Whilst infection is relatively common in the post-operative period, there is no consensus regarding the antibiotic prophylaxis. The use of double or triple antibiotic therapy immediately after the surgery is common, followed by the introduction of antifungals18 and any cytomegalovirus (CMV) prophylaxis. So far the length of treatment after LT has not been agreed upon.
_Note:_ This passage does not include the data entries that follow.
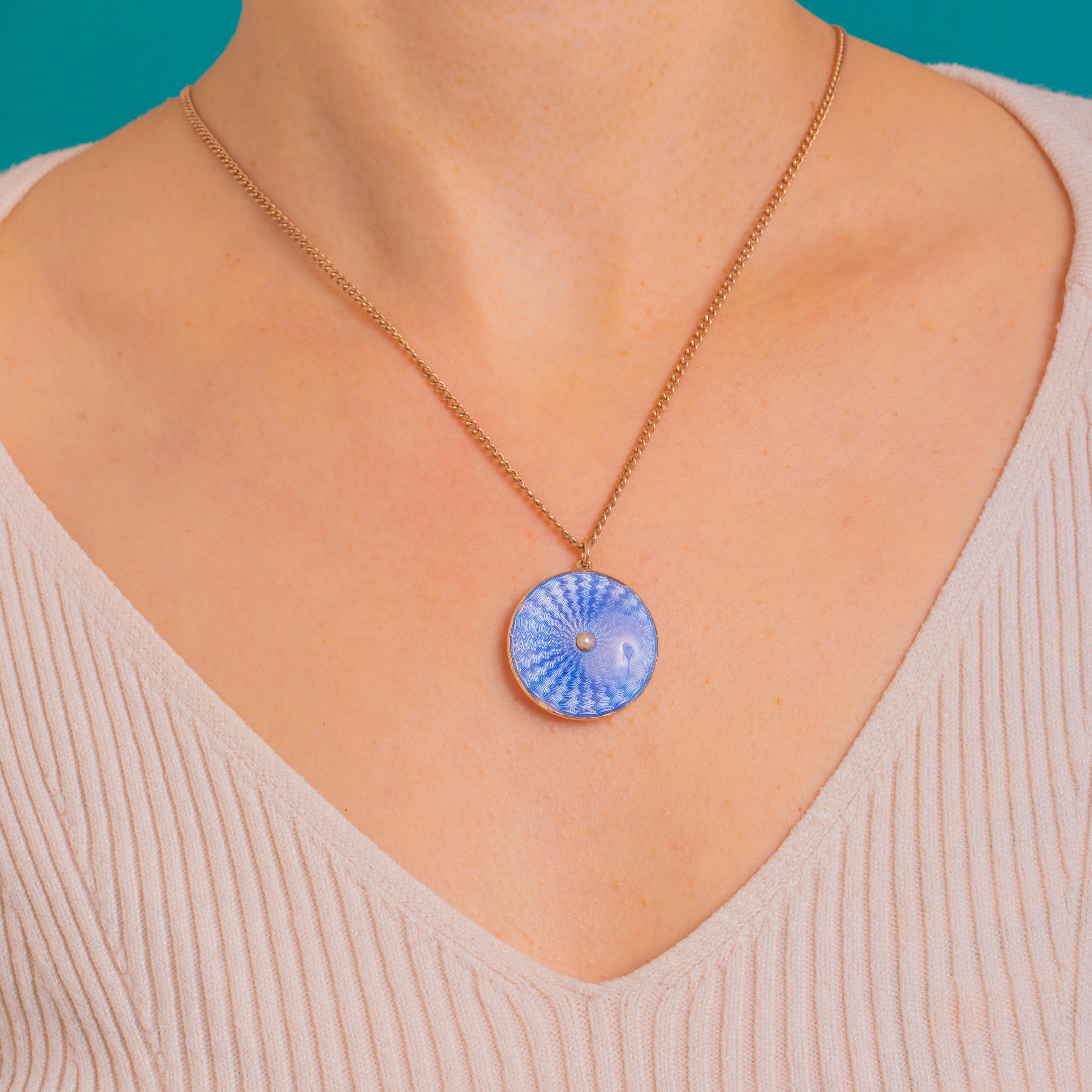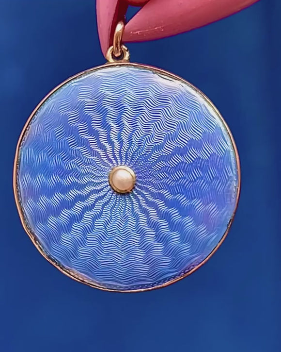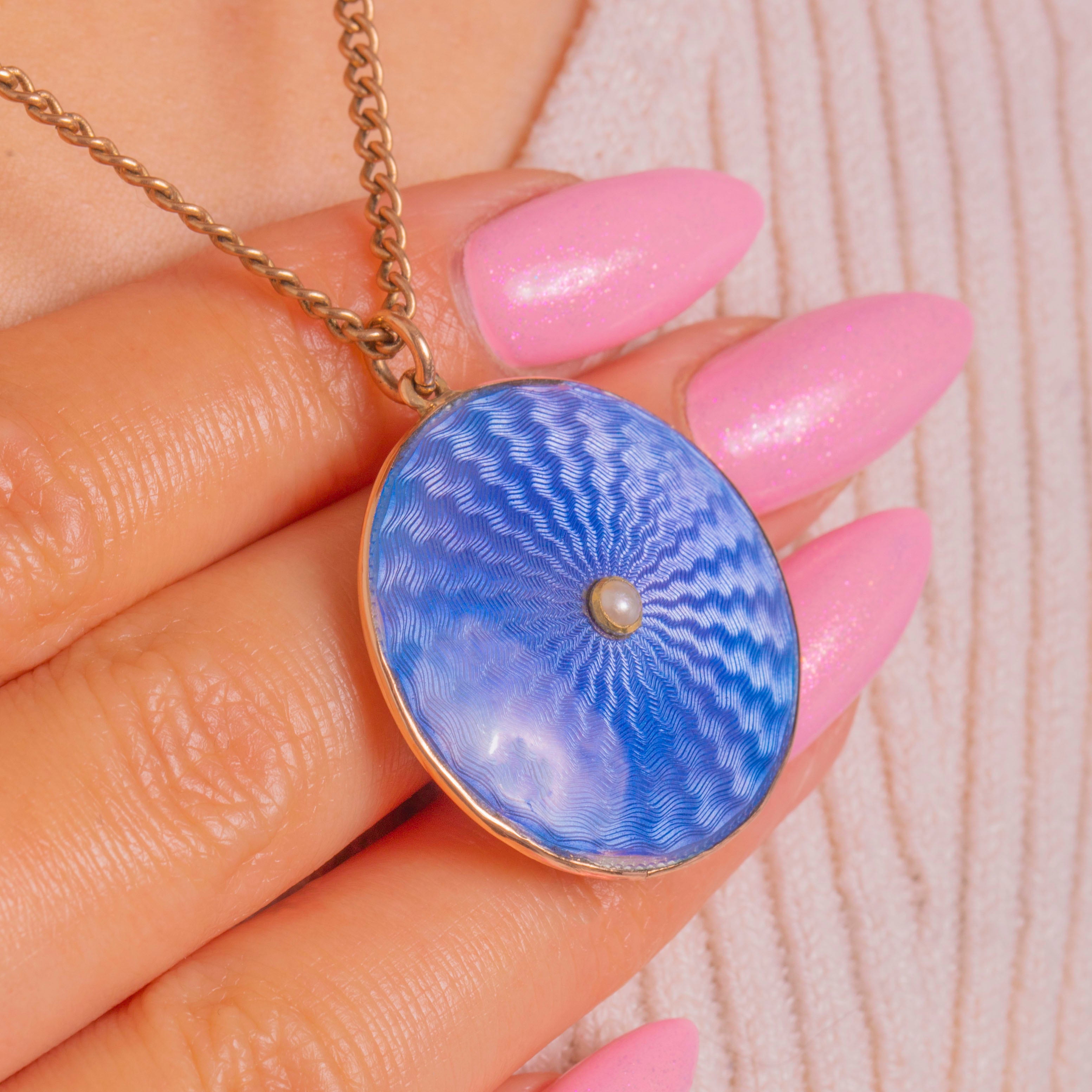 A radiant sweep of blue guilloché Enamel shimmers across this Edwardian locket, its rippling engine-turned pattern glowing beneath a glassy, translucent finish. At the heart sits a petite Seed Pearl in a raised bezel, a single creamy accent that draws the eye to the centre of the starburst.
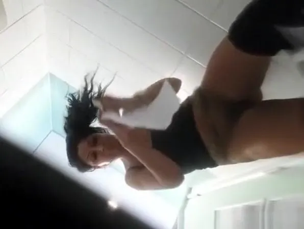 Long hair brunette woman spied in public toilet
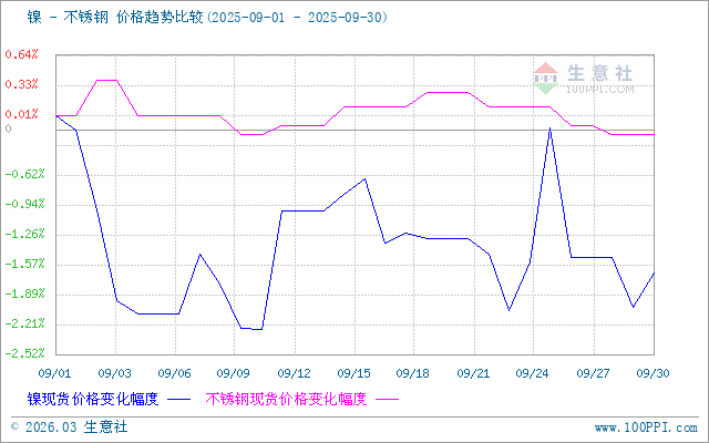 不銹鋼需求低迷:作為鎳的主要消費領域,不銹鋼市場成交氛圍一般,終端按需采購,月內部分不銹鋼廠因產線超低排放改造及檢修影響產量,但整體不銹鋼排產量仍處于相對高位,對鎳價保持剛需支撐。9月30日不銹鋼基準價報13,055元/噸,月內下跌0.19%。

Dr. J. Sacanell states, as a result of a survey fulfilled for the seven active LT programs in Spain, that the most frequent prophylactic antifungal used is inhaled amphotericin B, which changes with the appearance of bronchospasms to a second line antifungal. In that sense, anidulafungin is used as a preferred second line treatment, even though micafungin has provided greater efficiency against Aspergillus sp. and Candida sp.19
Finally, a different approach is offered by Dr. R. Vicente et al.20 who considered the use of mechanical devices like extracorporeal membrane oxygenation (ECMO) which have created some expectation. ECMO could be used (and the results are acceptable) as a bridge to transplant (BTT)21 in extremely ill patients who would otherwise die while awaiting a graft, or even in conscious patients who are on waiting list.22 It is also used for management of primary graft dysfunction within the postoperative period, allowing physicians to sustain treatment and offer the possibility of survival to some patients while the graft is recovering.
It is important not to forget that LT is a relatively new field of transplant and consequently all technological and other advances are currently at the experimental stage. Much work and effort is still required by all the professionals involved.
Conflict of interestThe authors have no conflict of interest to declare.